人の想いを乗せたホテル建築で、街の活性化の貢献にもなる。やり甲斐のあるビジネスだ。ライアンの持ちかけるビジネスはいつも好条件だけでなく、質も高い。全くくじけることなく暑苦しいモーションをかけてくるライアンは苦手だが、ビジネス手腕にかけては認めざるを得ない。
「コンセプトアートを用意しているんだ、どこにあったかな」
ライアンはフォルダを探し始める。ダブルクリックをしてフォルダの中身が画面いっぱいに広がった。榊は白目を剥く。スーツ姿だけでなく、プライベートでの私服や温泉宿での浴衣姿まで、あらゆるシーンの榊の写真が並んでいた。円卓のスタッフは微笑ましい顔でプロジェクターを見つめている。
「お探しするのを手伝いましょう」
ライアンのあからさまなアピールを見かねた高谷は席を立ち、ライアンの傍にやってきた。ライアンは笑みを浮かべている。
「ライアン、いい加減にしてよ。榊さん今にも気絶しそうだ」
高谷はライアンの耳元で囁く。
「何のことかな。フォルダが見つからなくてね、これはたまたま開いてしまったんだよ」
ライアンは全く悪びれもしない。高谷はキーボードを操作し、ショートカットキーで瞬時にフォルダを完全削除した。
「英臣の写真はクラウドにアップロードしてあるんだ、ここで消されても何ら問題はない」
鼻高々なライアンに高谷は渋い顔を向ける。
「ああ、失礼。見つけたよ」
ライアンはコンセプトアートを公開する。それから周辺の環境や施設、採算性などの数値を出し、完成は来年秋という話でキックオフミーティングは終了した。その間にも3回は間違えたと言いながら、榊の写真が満載のフォルダをプロジェクターに投影した。その度に榊は白目を剥いて、終盤にはすっかり憔悴しきっていた。
ミーティングが解散となり、榊と高谷は席を立つ。
「あっ」
高谷は慣れないヒールにバランスを崩し、前のめりになる。それをすかさず榊が抱きとめた。
「大丈夫か、結紀・・・もとい結子」
「すみません、社長。新しいヒールに慣れなくて」
高谷は肩を抱かれたまま榊を見上げる。2人にスタッフの視線が集まる。ここで女性秘書との親密な様子を見せつけておけば、ライアンと榊の仲が疑わしいものになるという高谷の作戦だ。

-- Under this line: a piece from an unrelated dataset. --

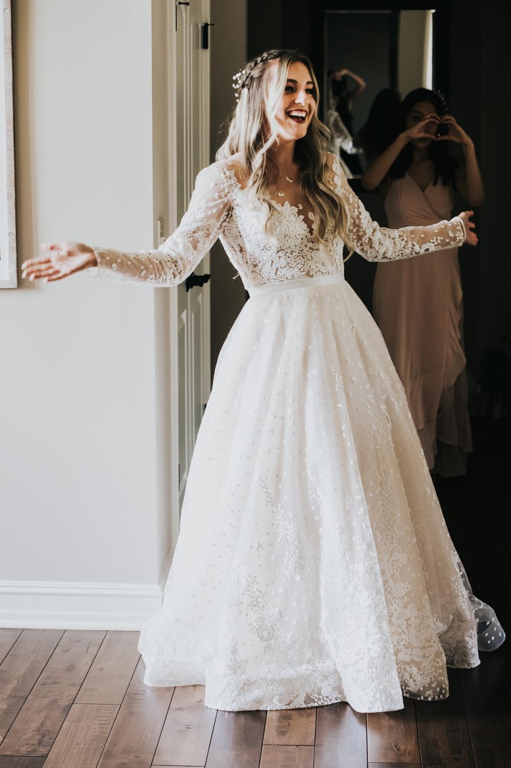 Tristyn decided to go the non-traditional route with her wedding attire. She chose to wear two dresses during her big day and ordered both from international designers on Etsy. Because of this, she was able to have a special moment with her great aunt. "Both had to be taken in which ended up being a special experience for me because my great aunt agreed to tailor them for me," Tristyn gushes. "She taught me how to sew. Having her tailor my dresses was sentimental!" And we think she looks stunning in both of her gowns!

ライアンは冷静さを保ちながらも、目を細めて榊と高谷の様子をじっと見つめている。高谷はライアンに向けてにんまりと笑う。ライアンは余裕の笑みを浮かべながら近付いてくる。
「はっ」
榊の目の前にやってきたとき、ライアンがわざとらしい動作で転倒しかける。榊に抱きとめてもらおうという見え見えな魂胆だ。
「危ない」
榊に抱きつこうとしたライアンを間に入った高谷が受け止める。もちろん”危ない”のは榊だ。小柄な高谷は榊を守ろうとする一心で、大柄なライアンをがっしりと抱きとめた。おおっ、とスタッフから控えめなどよめきが上がる。
「危なかったですわ、ミスターハンター」
高谷はライアンを押し返しながら睨み付ける。
「ふ、なかなかなるな・・・結紀」
ライアンはすぐに何事もなかったかのように体勢を立て直した。榊は呆れ果ててため息をつく。
「私のオフィスに招待しよう。コーヒーでもどうだね」
用件は済んだので一秒でも早く帰りたい榊だが、無碍に断ることもできずライアンに連れられてオフィスに向かった。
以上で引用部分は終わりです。